I. National Technology Transfer and Advancement Act
Section 12(d) of the National Technology Transfer and Advancement
Act of 1995 (``NTTAA''), Public Law 104-113, section 12(d) (15 U.S.C.
272 note) directs EPA to use voluntary consensus standards in its
regulatory activities unless to do so would be inconsistent with
applicable law or otherwise impractical. Voluntary consensus standards
are technical standards such as materials specifications, test methods,
sampling procedures, and business practices that are developed or
adopted by voluntary consensus standards bodies. The NTTAA directs EPA
to provide Congress, through OMB, explanations when the Agency decides
not to use available and applicable voluntary consensus standards.
This rule does not involve technical standards. Therefore, NTTAA
does not apply.
J. Congressional Review Act
The Congressional Review Act (CRA), 5 U.S.C. 801 et seq., as added
by the Small Business Regulatory Enforcement Fairness Act of 1996,
generally provides that before a rule may take effect, the agency
promulgating the rule must submit a rule report, which includes a copy
of the rule, to each House of the Congress and to the Comptroller
General of the United States. Prior to publication of the final rule in
the Federal Register, we will submit all necessary information to the
U.S. Senate, the U.S. House of Representatives, and the Comptroller
General of the United States. Under the CRA, a major rule cannot take
effect until 60 days after it is published in the Federal Register.
This action is not a ``major rule'' as defined by 5 U.S.C. 804(2). This
rule will be effective upon publication in the Federal Register.
List of Subjects in 40 CFR Part 112
Environmental protection, Oil pollution, Penalties, Reporting and
recordkeeping requirements.
Dated: February 10, 2006.
Stephen L. Johnson,
Administrator.
? For the reasons set forth in the preamble, title 40 CFR, chapter I,
part 112 of the Code of Federal Regulations is amended as follows:
PART 112--OIL POLLUTION PREVENTION
? 1. The authority citation for part 112 continues to read as follows:
Authority: 33 U.S.C. 1251 et seq.; 33 U.S.C. 2720; E.O. 12777
(October 18, 1991), 3 CFR, 1991 Comp., p. 351.
? 2. Section 112.3 is amended by revising paragraphs (a), (b), and (c) to
read as follows:
Sec. 112.3 Requirement to prepare and implement a Spill Prevention,
Control, and Countermeasure Plan.
* * * * *
(a) If your onshore or offshore facility was in operation on or
before August 16, 2002, you must maintain your Plan, but must amend it,
if necessary to ensure compliance with this part, by October 31, 2007,
and implement the Plan no later than October 31, 2007. If your onshore
or offshore facility becomes operational after August 16, 2002, through
October 31, 2007, and could reasonably be expected to have a discharge
as described in Sec. 112.1(b), you must prepare and implement a Plan
on or before October 31, 2007.
(b) If you are the owner or operator of an onshore or offshore
facility that becomes operational after October 31, 2007, and could
reasonably be expected to have a discharge as described in Sec.

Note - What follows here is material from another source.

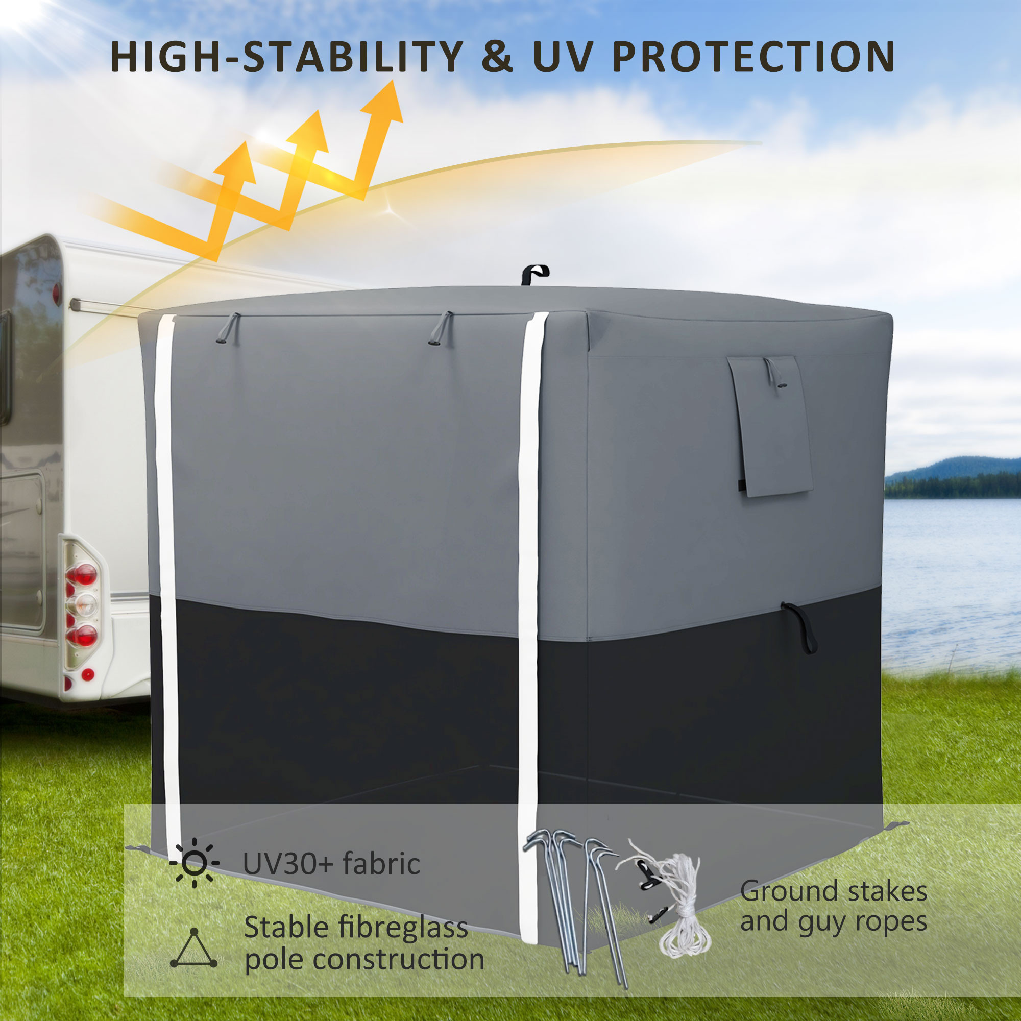 - Fibreglass structure, with UV 30+ fabric shell: A long-lasting and outdoor-suitable event shelter. Long-lasting core which stands steady.

112.1(b), you must prepare and implement a Plan before you begin
operations.
(c) If you are the owner or operator of an onshore or offshore
mobile facility, such as an onshore drilling or workover rig, barge
mounted offshore drilling or workover rig, or portable fueling
facility, you must prepare, implement, and maintain a facility Plan as
required by this section. You must maintain your Plan, but must amend
and implement it, if necessary to ensure compliance with this part, on
or before October 31, 2007. If your onshore or offshore mobile facility
becomes operational after October 31, 2007, and could reasonably be
expected to have a discharge as described in Sec. 112.1(b), you must
prepare and implement a Plan before you begin operations. This
provision does not require that you prepare a new Plan each time you
move the facility to a new site. The Plan may be a general Plan. When
you move the mobile or portable facility, you must locate and install
it using the discharge prevention practices outlined in the Plan for
the facility. The Plan is applicable only
[[Page 8467]]
while the facility is in a fixed (non-transportation) operating mode.